In order for the intentional homicide to be reduced to manslaughter a sudden unexpected provocation, encounter, or assault must occur tending to excite the passion beyond control. It is the sudden happening or occurrence of the provocation rendering the mind incapable of reflection and obscuring reason that establishes the absence of malice and premeditation. State v. Clough, 327 Mo. 700, 38 S.W.2d 36 (1931) [1]; State v. Patterson, 484 S.W.2d 278 (Mo.1972) [1]; State v. Hubbard, 484 S.W.2d 224 (Mo.1972). While movant testified he was scared of the deceased at the time he fired the shots, there was no evidence of sudden provocation capable of obscuring reason or rendering the mind incapable of reflection. Movant’s testimony was that when he saw deceased come out of the Municipal Courts building and start walking in his direction he (movant) “just turned around and started shooting.” He inflicted four wounds on deceased. The evidence shows a malicious intent to kill. There was no indication of any sudden provocation, encounter or assault by deceased at the time defendant began shooting. Threats made earlier by deceased do not provide the necessary provocation. See State v. Clough, supra. As a matter of law there was no evidence to support a finding of manslaughter.

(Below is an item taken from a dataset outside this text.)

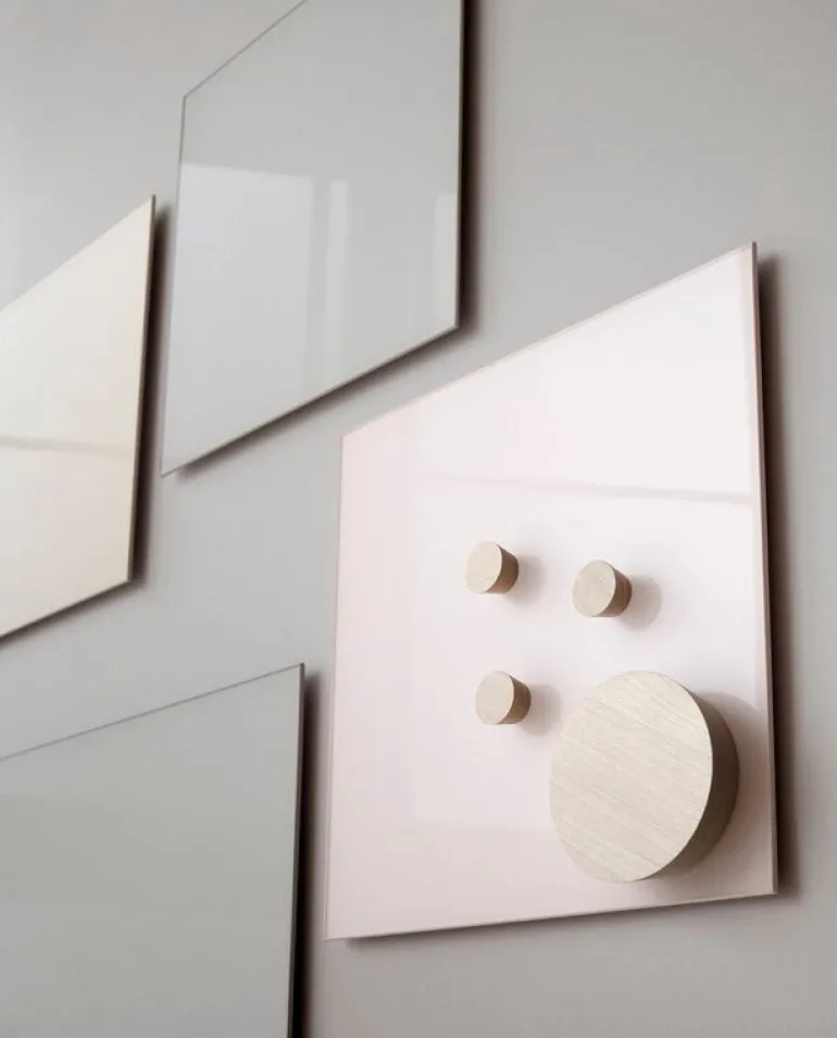 Mood Wall kommer i olika storlekar och nyanser som passar allt från hemmakontoret till gigantiska konferensrum. Den magnetiska whiteboardtavlan i glas är tillverkad i tempererat glas med låg järnhalt, som är helt genomskinligt utan den grönaktiga nyansen som finns i vanligt glas, och kan användas som en skrivtavla eller för att sätta upp anteckningar, bilder och att göra-listor. Notera att en glastavla kräver starkare magneter än en vanlig whiteboardtavla.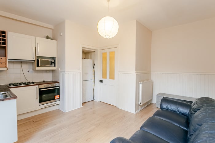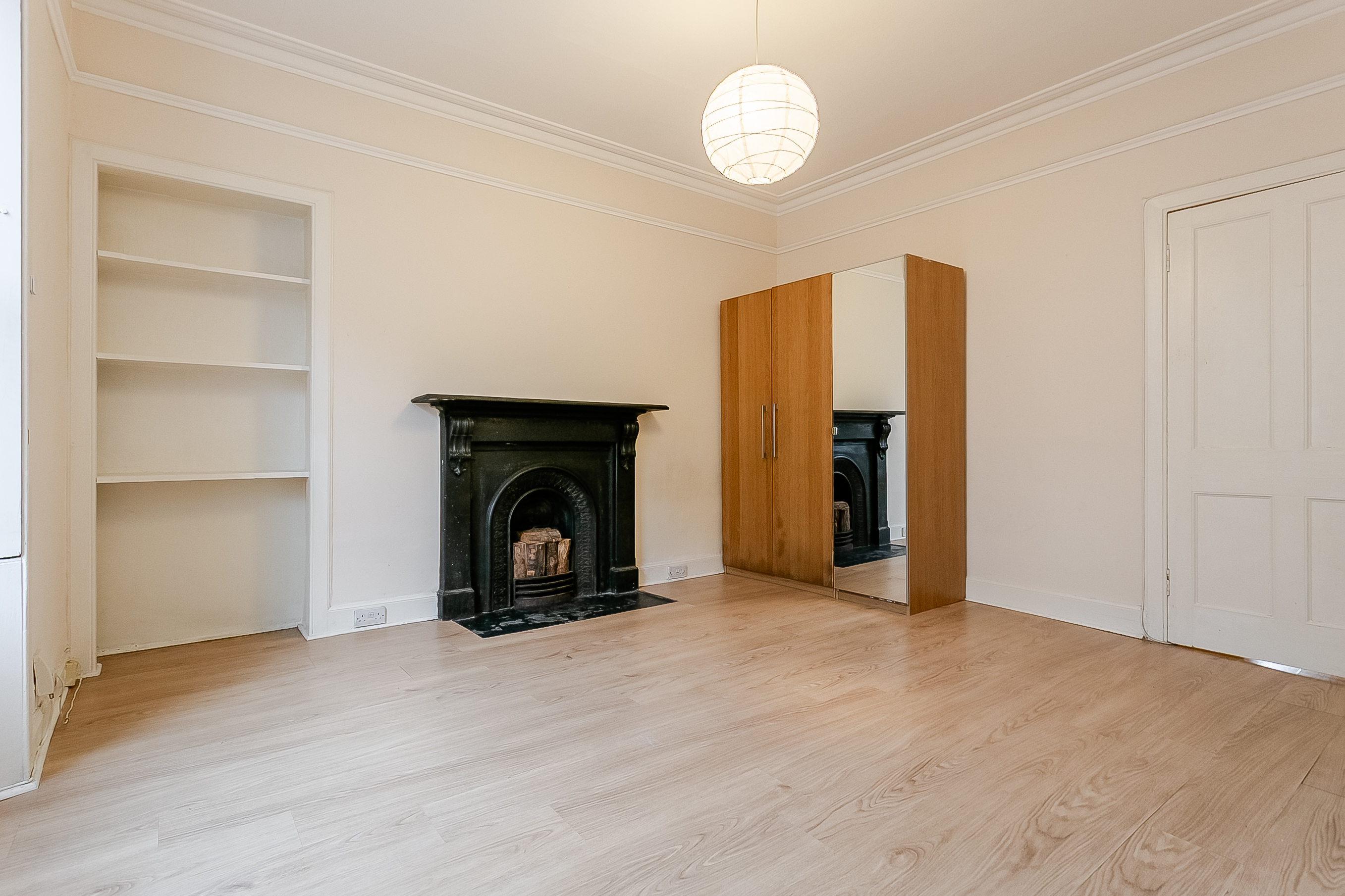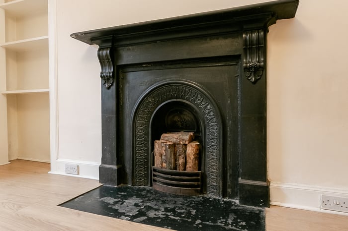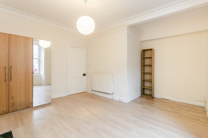 Located at the front of the property, the spacious bedroom enjoys a peaceful setting and is enhanced by wood-effect flooring, a charming fireplace and a large window that allows an abundance of natural light to fill the room. The generous proportions easily accommodate a double bed and additional bedroom furniture.

We do not find the determination of the trial court concerning ineffective assistance of counsel clearly erroneous. Accepting as true the allegations in movant’s motion and the truth of the statements of possible witnesses filed as exhibits we find no basis for a finding that movant was denied a fair trial because of counsel’s failure to conduct an investigation. The motion does not allege that the existence of some of these possible witnesses was called to the attention of counsel. Much of the testimony they are alleged to have been ready to give was clearly inadmissible either on hearsay or relevancy grounds. That evidence which might have been ad*149missible was solely cumulative of events occurring one or two days before the shooting. On direct appeal and again here we have held that those events did not support either a manslaughter or self-defense submission. Additional, cumulative testimony concerning the same events does not change that. The failure of counsel to investigate, alleged by movant, did not deny movant a defense to which he was entitled nor deny him a fair trial. Floyd v. State, 518 S.W.2d 700 (Mo.App.1975).

Judgment affirmed.

NORWIN D. HOUSER, Special Judge, concurs in result. ALDEN A. STOCKARD, Special Judge, concurs.